I concluded it was a rare page cache corruption heisenbug. Scary.
-- Jamie
On Thu, Jan 22, 2004 at 01:12:59AM +0100, Pavel Machek wrote:
> Hi!
>
> > There is one fundemental braino in the discussion.
> >
> > Only HALF the bits are for preventing "accidental" collisions. (The
> > "birthday" thing). The rest is for preventing to "brute force" an input
> > that produces the same MD5.(*)
> >
> > So MD5 has only 2**64 Bits against accidental collsions
> > Btw. I already had (a/the) MD5 collision(*2) in my life.
> >
> > So you'd need SHA256 or SHA512 to be "really sure(tm)".
> >
> >
> >
> > *: AFAIR i read this in the specs of SHA1 (160 bits). So i guess this is
> > also true for MD5.
> >
> > *2: I had a direcory of about 1,5 Million images and "md5sum"med them to
> > eliminate doubles. The Log-file, at one point, had the same md5sum as
> > one of the pictures.
>
> Do you have a copy? I believe *many* people would like to see that
> one.
Unfortunatly not, and reconstruction is impossibel(tm). "Back then(more
than half a year ago)" i didn't see that as important.
Bis denn
--
Real Programmers consider "what you see is what you get" to be just as
bad a concept in Text Editors as it is in women. No, the Real Programmer
wants a "you asked for it, you got it" text editor -- complicated,
cryptic, powerful, unforgiving, dangerous.
On Thu, Jan 22, 2004 at 02:36:09AM +0000, Jamie Lokier wrote:
> Matthias Schniedermeyer wrote:
> > *2: I had a direcory of about 1,5 Million images and "md5sum"med them to
> > eliminate doubles. The Log-file, at one point, had the same md5sum as
> > one of the pictures.
>
> Something similar happened to me once.
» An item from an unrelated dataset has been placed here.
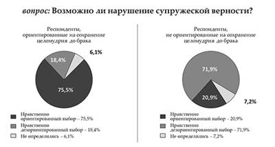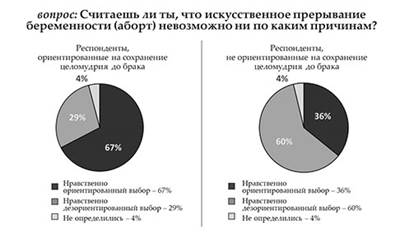 Оказалось, что человек, не ориентированный на сохранение девственной чистоты до брака, значительно (почти в 3 раза) менее нацелен на сохранение верности в браке. Супружеская верность — естественное основание крепкой семьи. Поэтому для стабилизации брачно-семейных отношений необходимо изменение общественного сознания и возвращение к признанию ценности целомудрия, включающей девственную добрачную чистоту. Существующая в средствах массовой информации пропаганда добрачных сексуальных связей, легкое отношение к сексуальным связям вне брака, «гражданский брак», недостаточное внимание к воспитанию семьянина в образовательных учреждениях являются причинами непрочности молодых семьей. Срывая покров сакральности, лишая детей естественной стыдливости и их права на незнание (которое характерно для русской самобытной культуры и культуры многих народов), взрослые ориентируют детей, подростков и молодежь на вседозволенность и безответственность во внебрачной и брачной жизни. С потерей целомудренного отношения к началу супружеской жизни изменилось отношение к рождению детей. В традиционной семье считалось, что рождение ребенка укрепляет семью, вносит новое в отношения супругов. Прерывание беременности считалось великим грехом и влекло за собой общественное осуждение и строгое церковное наказание (епитимию).

Two different files with the
> same result from md5sum.
>
> When I ran md5sum again, it still reported the same results.
>
> Then when I flushed the page cache and ran it again, it reported
> different results.
>
> I concluded it was a rare page cache corruption heisenbug. Scary.
I can 100% exclude Linux-Errors. The machine (still) runs with Solaris 8.
Bis denn
--
Real Programmers consider "what you see is what you get" to be just as
bad a concept in Text Editors as it is in women. No, the Real Programmer
wants a "you asked for it, you got it" text editor -- complicated,
cryptic, powerful, unforgiving, dangerous.